SOURCE MATERIAL:

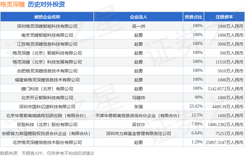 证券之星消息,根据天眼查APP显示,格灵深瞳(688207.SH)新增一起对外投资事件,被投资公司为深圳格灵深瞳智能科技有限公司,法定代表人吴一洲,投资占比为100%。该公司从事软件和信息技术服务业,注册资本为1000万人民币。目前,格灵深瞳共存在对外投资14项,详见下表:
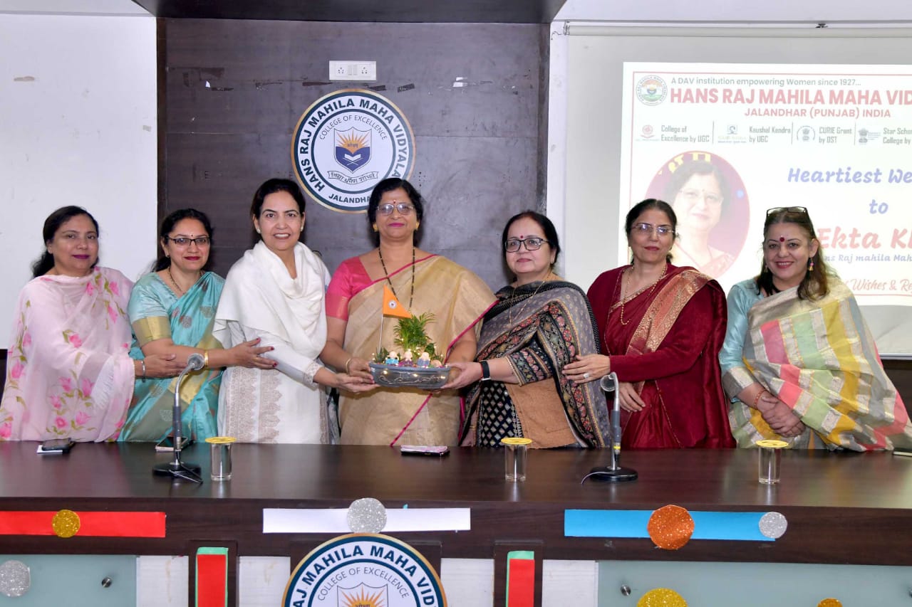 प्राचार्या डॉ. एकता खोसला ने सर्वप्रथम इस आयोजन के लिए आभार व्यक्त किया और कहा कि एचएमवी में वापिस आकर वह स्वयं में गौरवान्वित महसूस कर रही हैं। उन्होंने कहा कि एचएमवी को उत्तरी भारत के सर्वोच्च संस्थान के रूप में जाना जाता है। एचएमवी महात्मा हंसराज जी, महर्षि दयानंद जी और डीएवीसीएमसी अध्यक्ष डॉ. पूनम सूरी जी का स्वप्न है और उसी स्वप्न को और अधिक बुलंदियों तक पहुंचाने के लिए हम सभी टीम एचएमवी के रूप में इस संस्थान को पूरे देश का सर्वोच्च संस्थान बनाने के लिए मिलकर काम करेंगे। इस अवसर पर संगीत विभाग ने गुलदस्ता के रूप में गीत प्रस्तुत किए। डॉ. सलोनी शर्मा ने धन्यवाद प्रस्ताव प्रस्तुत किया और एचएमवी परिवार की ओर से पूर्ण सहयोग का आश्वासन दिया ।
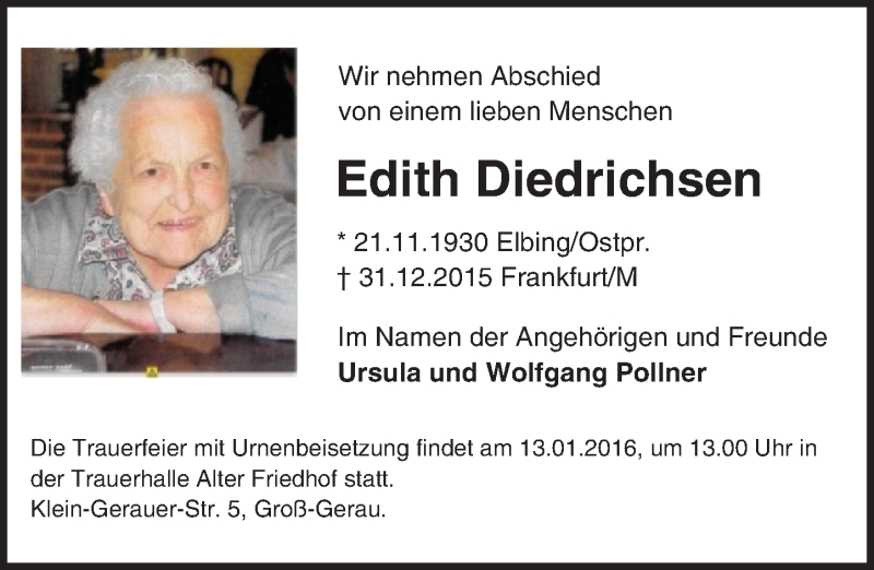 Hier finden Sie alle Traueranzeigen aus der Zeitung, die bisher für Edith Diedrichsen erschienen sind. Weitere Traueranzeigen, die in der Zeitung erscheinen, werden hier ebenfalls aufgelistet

WORK ORDER: All of the lines above must be printed again exactly, and no picture may appear in the copy.

WRITTEN ANSWER:
 证券之星消息,根据天眼查APP显示,格灵深瞳(688207.SH)新增一起对外投资事件,被投资公司为深圳格灵深瞳智能科技有限公司,法定代表人吴一洲,投资占比为100%。该公司从事软件和信息技术服务业,注册资本为1000万人民币。目前,格灵深瞳共存在对外投资14项,详见下表:
 प्राचार्या डॉ. एकता खोसला ने सर्वप्रथम इस आयोजन के लिए आभार व्यक्त किया और कहा कि एचएमवी में वापिस आकर वह स्वयं में गौरवान्वित महसूस कर रही हैं। उन्होंने कहा कि एचएमवी को उत्तरी भारत के सर्वोच्च संस्थान के रूप में जाना जाता है। एचएमवी महात्मा हंसराज जी, महर्षि दयानंद जी और डीएवीसीएमसी अध्यक्ष डॉ. पूनम सूरी जी का स्वप्न है और उसी स्वप्न को और अधिक बुलंदियों तक पहुंचाने के लिए हम सभी टीम एचएमवी के रूप में इस संस्थान को पूरे देश का सर्वोच्च संस्थान बनाने के लिए मिलकर काम करेंगे। इस अवसर पर संगीत विभाग ने गुलदस्ता के रूप में गीत प्रस्तुत किए। डॉ. सलोनी शर्मा ने धन्यवाद प्रस्ताव प्रस्तुत किया और एचएमवी परिवार की ओर से पूर्ण सहयोग का आश्वासन दिया ।
 Hier finden Sie alle Traueranzeigen aus der Zeitung, die bisher für Edith Diedrichsen erschienen sind. Weitere Traueranzeigen, die in der Zeitung erscheinen, werden hier ebenfalls aufgelistet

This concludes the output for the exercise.